A structured set of objections, weighed in public.

Desk editor's note, referee report, simulated authors' rebuttal, and a circularity audit. Tearing a paper down is the easy half of reading it; the pith above is the substance, this is the friction.

Desk Editor's Note private letter to a colleague

FLARE extracts specs from MAS code for coverage-guided fuzzing and log-based failure detection, delivering solid coverage numbers on real apps but resting its 56-failure claim on an unvalidated oracle.

read the letter

The main point is that FLARE pulls specifications and behavioral spaces straight from the source code of multi-agent LLM systems, then drives coverage-guided fuzzing and checks results by analyzing execution logs. On 16 open-source applications it reaches 96.9% inter-agent and 91.1% intra-agent coverage while beating baselines, and it surfaces 56 previously unknown failures that the authors tie to MAS-specific issues like coordination problems or infinite loops. That combination of code-driven extraction and fuzzing is the concrete new piece; earlier testing methods for LLM agents did not target inter-agent coverage or build oracles this way from the definitions themselves. The evaluation on actual projects gives the numbers some weight and shows the framework can run end-to-end from code to reports. The approach is practical enough that engineers working on these systems could try adapting pieces of it. The clearest soft spot is the log analyzer that decides pass or fail. The abstract describes it as judging semantic correctness but supplies no procedure details, no ground-truth set, and no precision or recall figures against human labels. Because the failure count and the claim that the failures are unique to MAS both depend on that judgment, any systematic error there directly affects the headline result. Coverage numbers are less exposed but still rely on the quality of the extracted behavioral spaces. The stress-test note is right on this point from the abstract alone. If the full paper adds validation experiments or error analysis for the oracle, that would strengthen it; otherwise the empirical claims need more support. This paper is for software-engineering researchers and practitioners who build or maintain multi-agent LLM workflows and need better ways to expose their failures. A reader focused on testing non-deterministic AI systems would find the framework and the reported coverage gains worth examining. It should go to peer review because the problem is timely, the method is grounded in real code, and the experiments are on external applications; referees can push on the oracle validation and any extraction assumptions without the work being fundamentally flawed.

Referee Report

3 major / 2 minor

Summary. The paper presents FLARE, a testing framework for LLM-based Multi-Agent Systems (MAS). It takes MAS source code as input, extracts specifications and behavioral spaces from agent definitions, constructs test oracles, performs coverage-guided fuzzing to expose failures such as infinite loops and failed tool invocations, and analyzes execution logs to judge test outcomes and generate failure reports. Evaluation on 16 diverse open-source applications reports 96.9% inter-agent coverage and 91.1% intra-agent coverage (outperforming baselines by 9.5% and 1.0%), along with discovery of 56 previously unknown MAS-specific failures.
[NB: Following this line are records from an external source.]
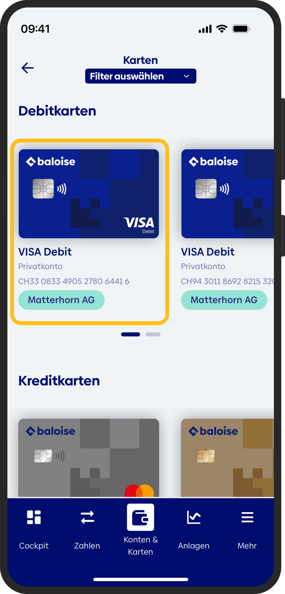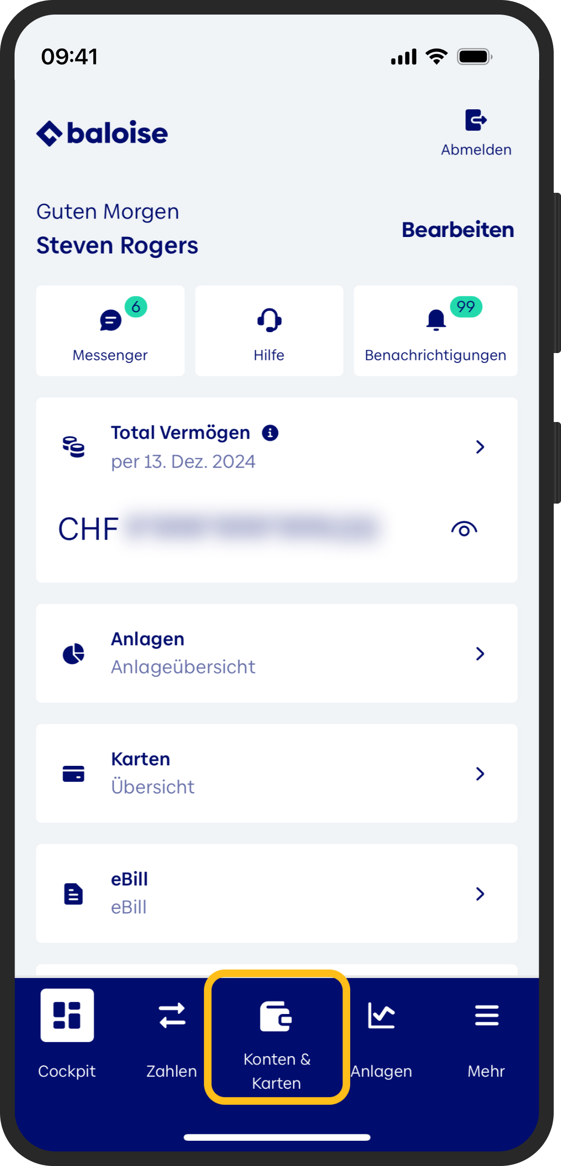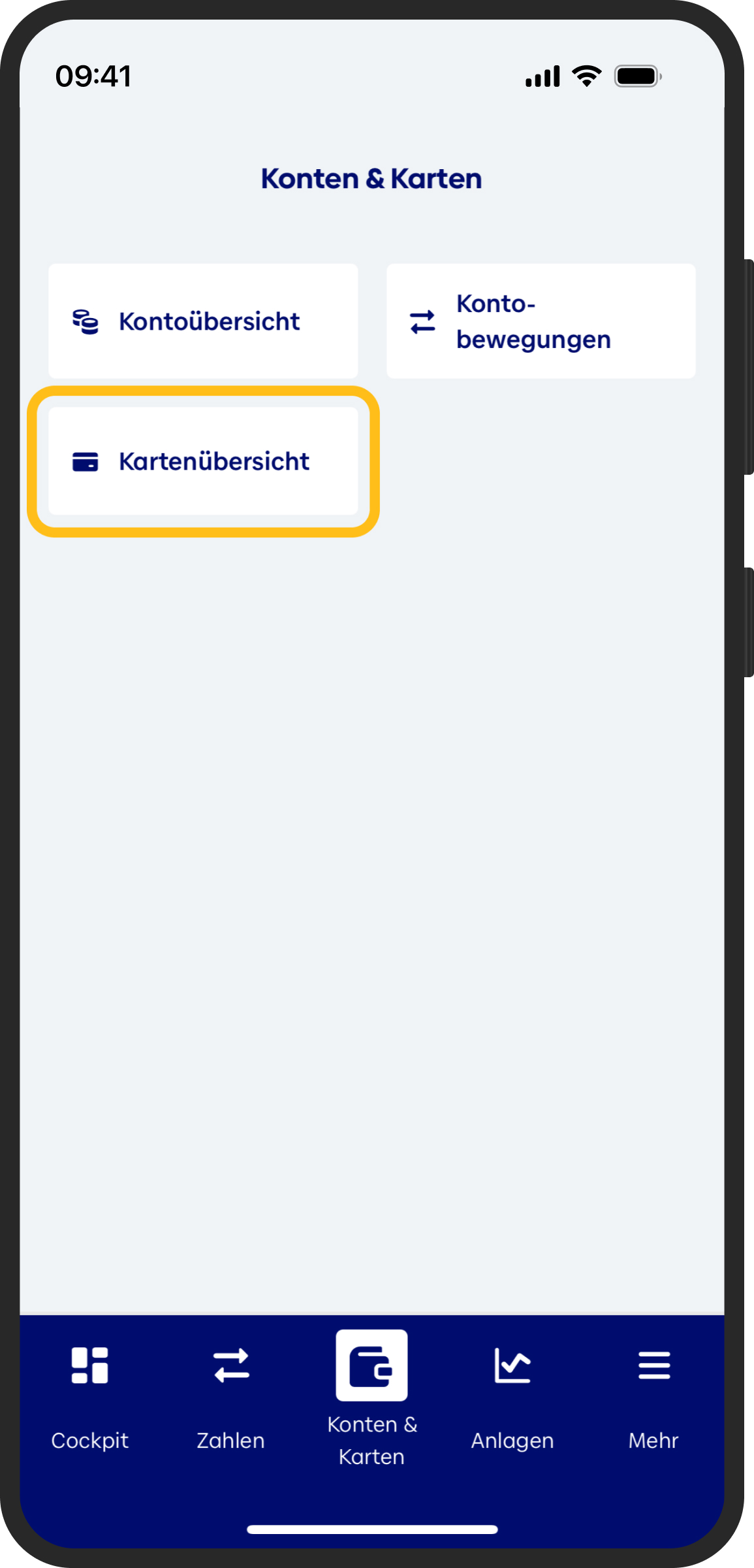 - Tippen Sie in der unteren Navigationsleiste auf Konten & Karten.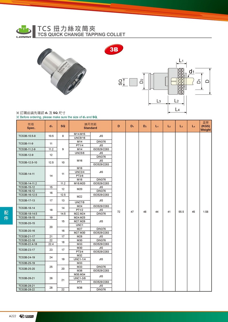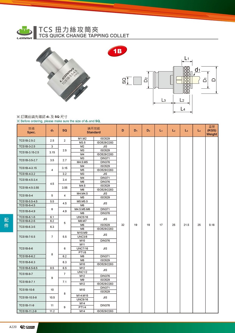 TCS扭力絲攻筒夾1B 2B 3B 適配扭力攻絲刀柄使用的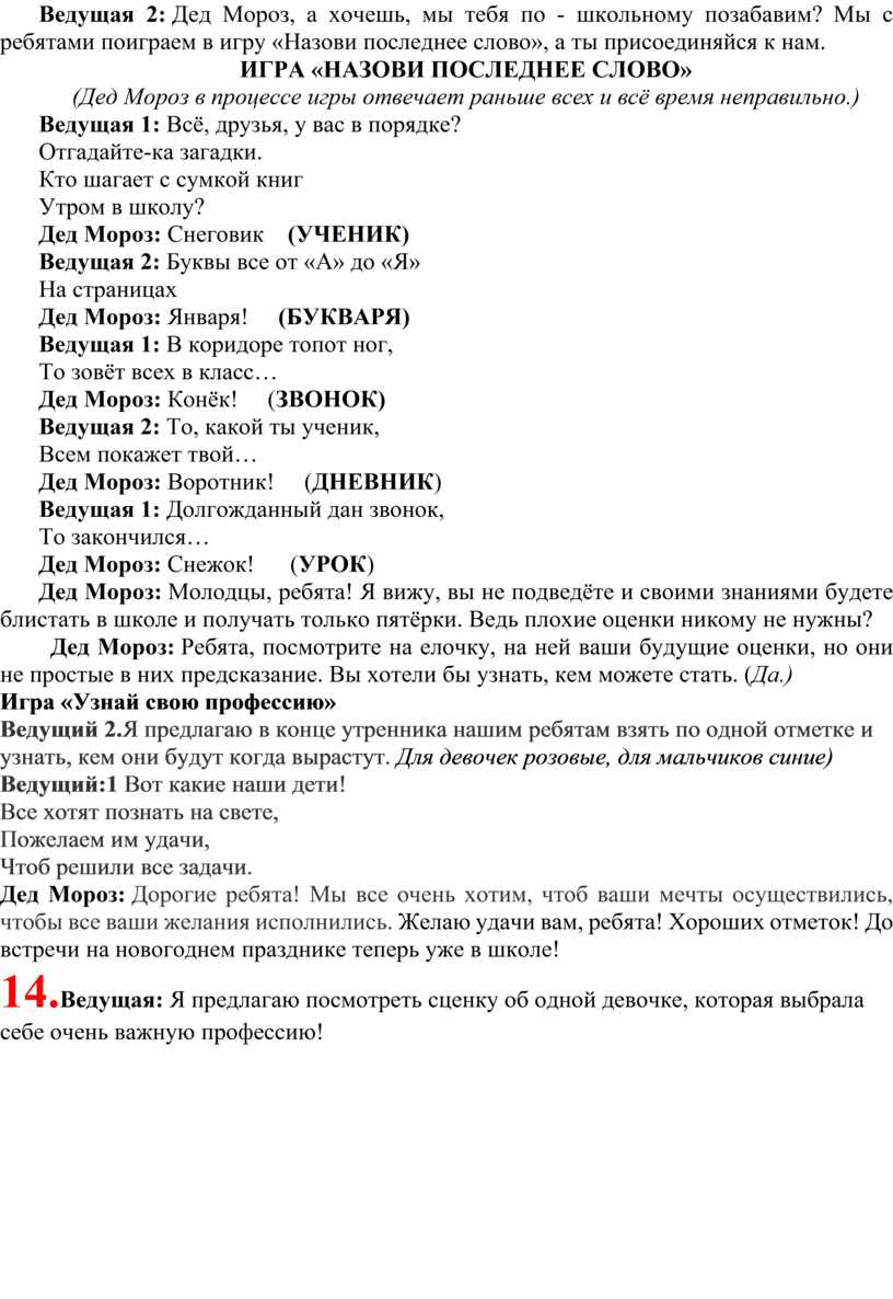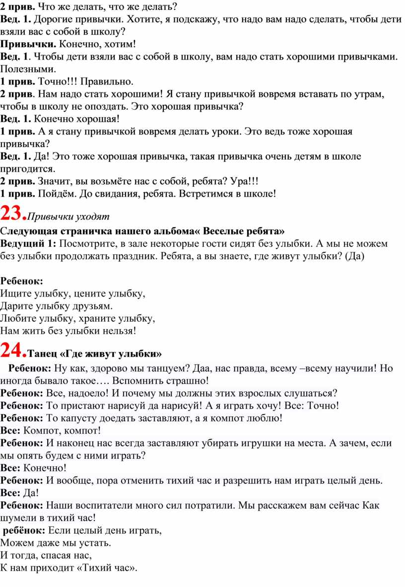 1.После 2 звонка в зал заходят 2 мал. и 2 дев. Начинают считать стулья, поправлять шарики.

Significance. If the results hold after addressing validation gaps, FLARE would represent a meaningful advance in automated testing for non-deterministic MAS applications, which are increasingly deployed for complex workflows. By tailoring coverage-guided fuzzing to inter- and intra-agent behavioral spaces and providing empirical evidence on real open-source systems, the work addresses a practical gap where traditional techniques fail due to lack of specifications and semantic judgment challenges.

major comments (3)

[Abstract and Evaluation] Abstract and Evaluation section: The headline claim of 56 previously unknown MAS-specific failures rests entirely on the correctness of the automated log analyzer for semantic pass/fail judgments (e.g., detecting incorrect inter-agent coordination or infinite loops). The manuscript provides no description of the judgment procedure (rule-based, LLM-as-judge, or hybrid), no ground-truth dataset, and no precision/recall metrics against human labels. This directly undermines both the failure count and the uniqueness claim, as any systematic misclassification would inflate the reported results.
[Evaluation] Evaluation section: The reported coverage percentages (96.9% inter-agent, 91.1% intra-agent) and baseline outperformance (9.5% and 1.0%) lack details on exact measurement definitions, baseline implementations, statistical significance testing, or potential confounds such as variability in LLM non-determinism. Without these, the robustness of the empirical claims cannot be assessed.
[Approach] Approach section (specification extraction): The central premise that specifications and behavioral spaces can be reliably extracted from agent definitions in source code is stated but not accompanied by any validation (e.g., manual inspection of extracted spaces on a subset of the 16 applications or error rates). This assumption is load-bearing for both the fuzzing guidance and oracle construction.

minor comments (2)

[Abstract] The abstract states that FLARE 'analyzes execution logs to judge whether each test has passed' without any elaboration on the method or its limitations.
[Evaluation] No mention of how the 16 applications were selected or their diversity characteristics beyond 'open-source,' which would help contextualize generalizability.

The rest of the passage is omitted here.